▽
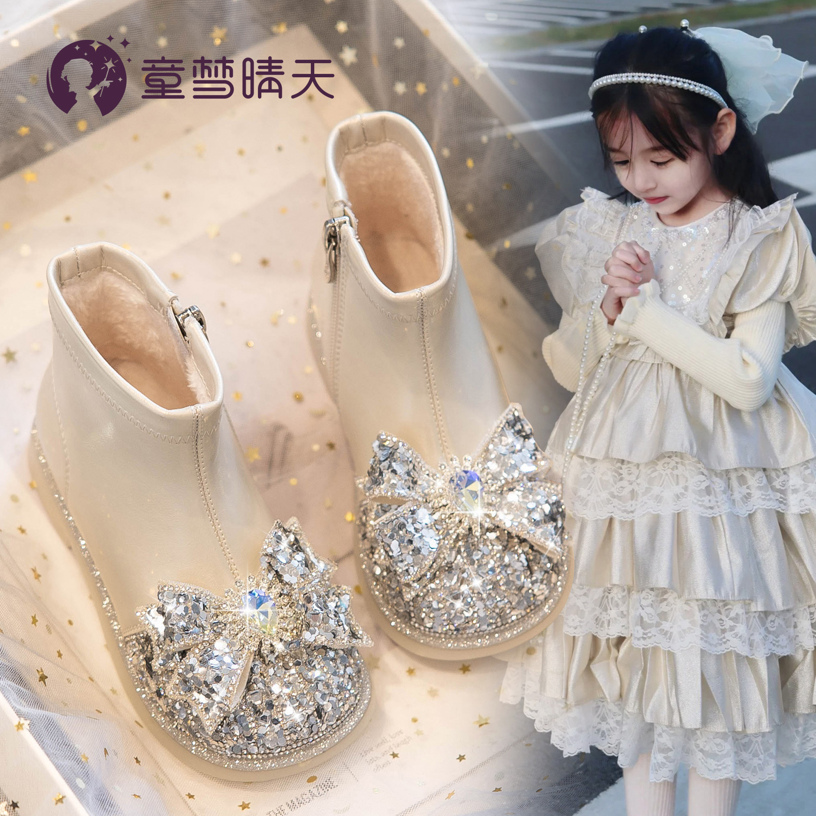 水晶鞋加绒女童公主鞋2025新款鞋3儿童马丁靴冬款鞋子女宝宝短靴6
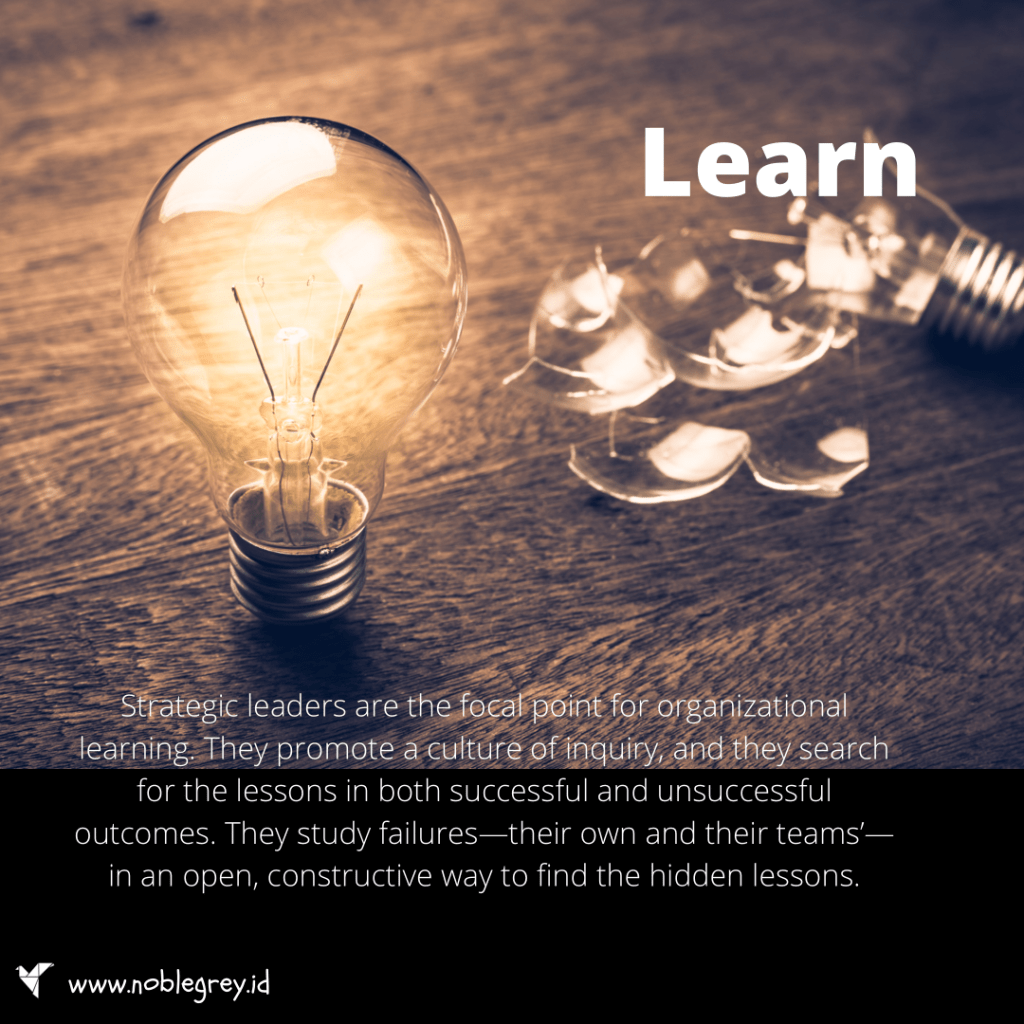 Pemimpin yang stratejik belajar dari kesalahan. Jika ada kesalahan, bukan mencari siapa yang salah, tapi ambil waktu untuk mencari apa lesson learned yang bisa diambil, kemudian move forward.
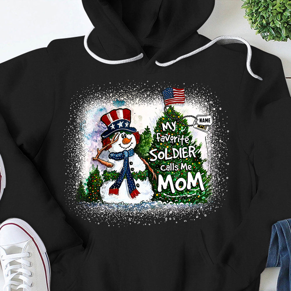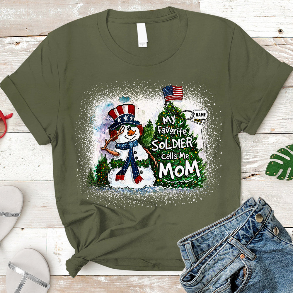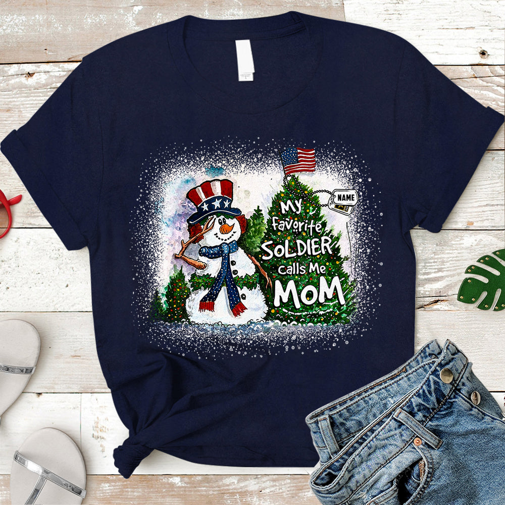 Personalized Christmas Shirt My Favorite Soldier Calls Me Mom Dad Wife Christmas Snowman Pine With Hastag Shirt For Armed Forces Family Member H2511
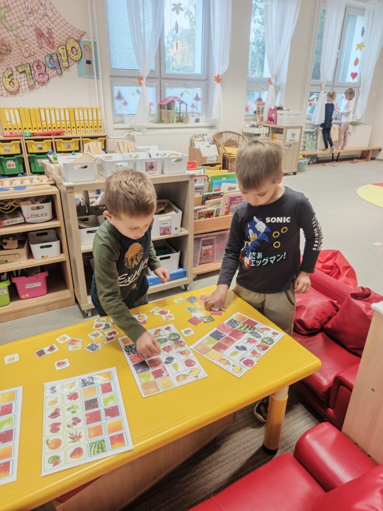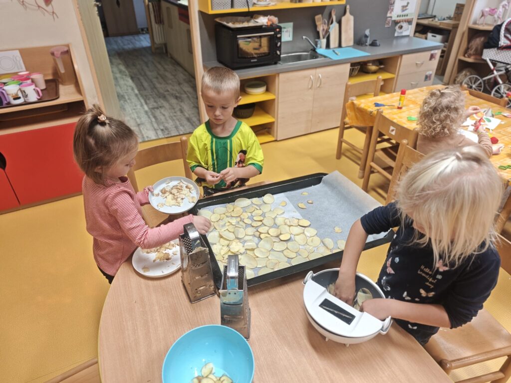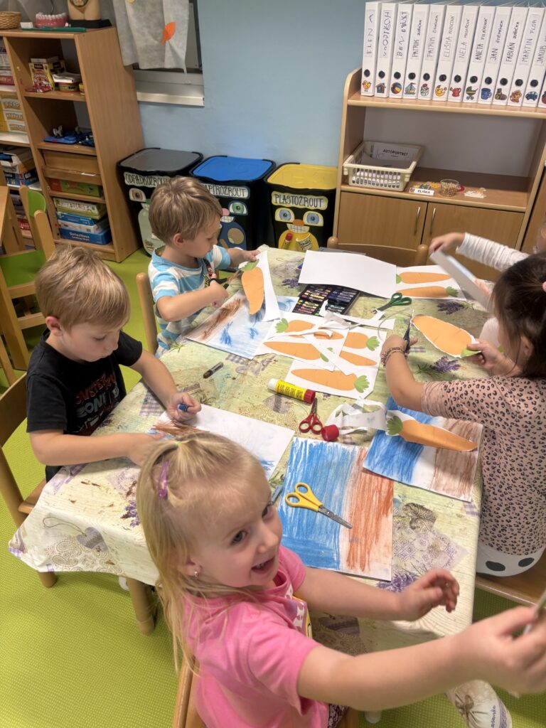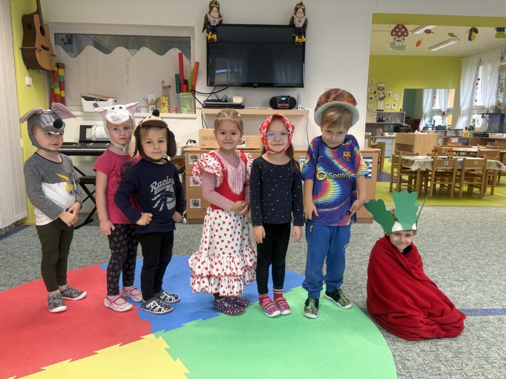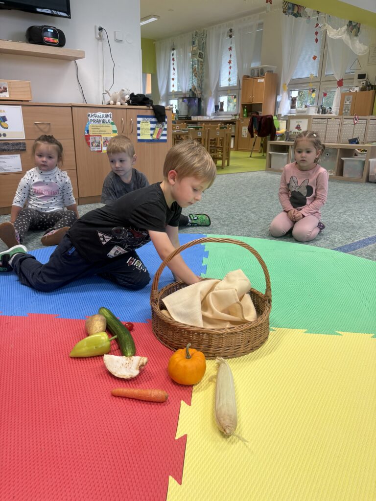 Tento týden jsme se s dětmi věnovali tématu zeleniny. Společně jsme ji poznávali všemi smysly – děti si zeleninu prohlížely, ohmatávaly, očichávaly i ochutnávaly. Zkoumaly, jak různé druhy zeleniny vypadají a jak voní. Společně jsme si také připravili domácí brambůrky, které dětem moc chutnaly. Na závěr si děti vyrobily krásné výtvory na téma zelenina a s radostí jsme si zahráli a zdramatizovali pohádku „O veliké řepě“.
△
◆ Your task: Copy word for word the lines above, starting at the line containing "Pemimpin yang stratejik" and ending at the line containing "Personalized Christmas Shirt", inclusive, with no pictures.

◆ Solution for this problem:
 Pemimpin yang stratejik belajar dari kesalahan. Jika ada kesalahan, bukan mencari siapa yang salah, tapi ambil waktu untuk mencari apa lesson learned yang bisa diambil, kemudian move forward.
 Personalized Christmas Shirt My Favorite Soldier Calls Me Mom Dad Wife Christmas Snowman Pine With Hastag Shirt For Armed Forces Family Member H2511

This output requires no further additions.